I manage a supported housing project for people with mental health problems, and I have found a number of useful insights in the Human Givens approach.
Most compelling, I believe, is the excellent work the authors have done on studying the role of sleep in our emotional lives, particularly the vicious circle of excessive rumination, exhausting amounts of REM sleep, lack of energy and motivation, and so on.
The authors' undogmatic approach is welcome - taking whatever appears to be most effective from various therapies. This is not new, however. For example, Arnold Lazarus has for many years done similar work with his 'Multimodal' model of therapy (Stephen Palmer has written about this approach in the UK).

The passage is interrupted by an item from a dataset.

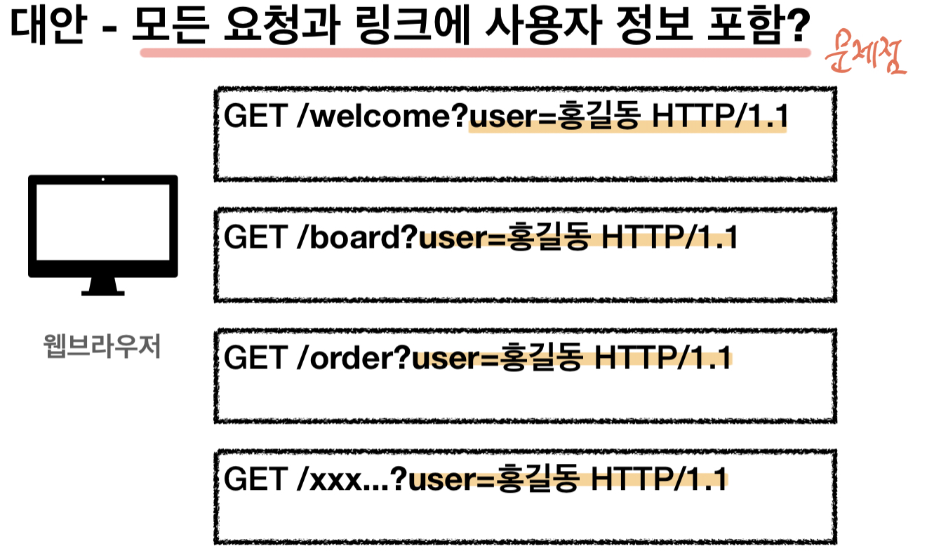 -> 문제1) 모든 요청에 사용자 정보가 포함되도록 개발해야함 ( 난이도 up )

The book is also refreshingly unafraid to point out the failings of much theory and practice of therapies that simply encourage rumination on the past, to the exclusion of finding practical ways to feel better in the present. Many authors have, I feel, trodden too carefully around this area, being almost apologetic in pointing out the harm that such approaches can do. Griffin & Tyrrell should be applauded for their honesty here. Those who would dogmatically reject this book because it criticises such approaches might ask themselves whether they are more interested in being right than in doing what works for their clients.

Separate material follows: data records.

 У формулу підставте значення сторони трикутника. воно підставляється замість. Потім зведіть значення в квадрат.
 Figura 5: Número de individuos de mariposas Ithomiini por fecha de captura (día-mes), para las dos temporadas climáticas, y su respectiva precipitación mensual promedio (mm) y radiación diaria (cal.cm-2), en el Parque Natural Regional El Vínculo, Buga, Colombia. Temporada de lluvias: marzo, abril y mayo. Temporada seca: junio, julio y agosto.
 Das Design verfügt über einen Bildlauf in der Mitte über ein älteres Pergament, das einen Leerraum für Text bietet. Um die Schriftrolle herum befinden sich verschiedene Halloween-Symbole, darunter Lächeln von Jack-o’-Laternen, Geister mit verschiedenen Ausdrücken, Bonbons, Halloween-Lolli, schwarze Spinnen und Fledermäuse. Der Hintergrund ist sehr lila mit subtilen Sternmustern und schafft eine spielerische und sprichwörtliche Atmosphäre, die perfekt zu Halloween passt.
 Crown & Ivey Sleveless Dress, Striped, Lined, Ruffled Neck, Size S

I think there are, however, a couple of areas where the book lets itself down. Firstly, the references, though they exist, are not thorough or detailed enough for my liking. Often they simply refer to a book, without any further detail of the evidence it is supposed to contain.
Also, the tone of the book is that the Human Givens approach is revolutionary, and that it is uniquely in tune with 'human nature'. Here, one gets suspicious that the authors have been encouraged to present their (valuable) insights as a dramatic new way of doing therapy, simply in order, perhaps, to make people take notice.
Their main points are presented as revolutionary, but as I see it are for the most part uncontroversial and well understood. As others here have pointed out, the three main points are (paraphrasing):
1. The brain is a pattern-matching machine.
2. Emotion comes before thought.
3. The more emotional we are, the more difficult it is to think reasonably.
Points 1 and 3 are self-evident as far as I can see. Useful to bear in mind, but hardly revolutionary.
But my main issue is with point 2, and what I regard as the authors' misrepresentation of Cognitive Behaviour Therapy (CBT). Their contention is that CBT says thought comes before emotion, and that that is wrong. They take CBT's ABC model of emotional disturbance (Activating event, Belief, Consequent emotion) and replace it with their APET model (Activating event, Perception, Emotion, Thought).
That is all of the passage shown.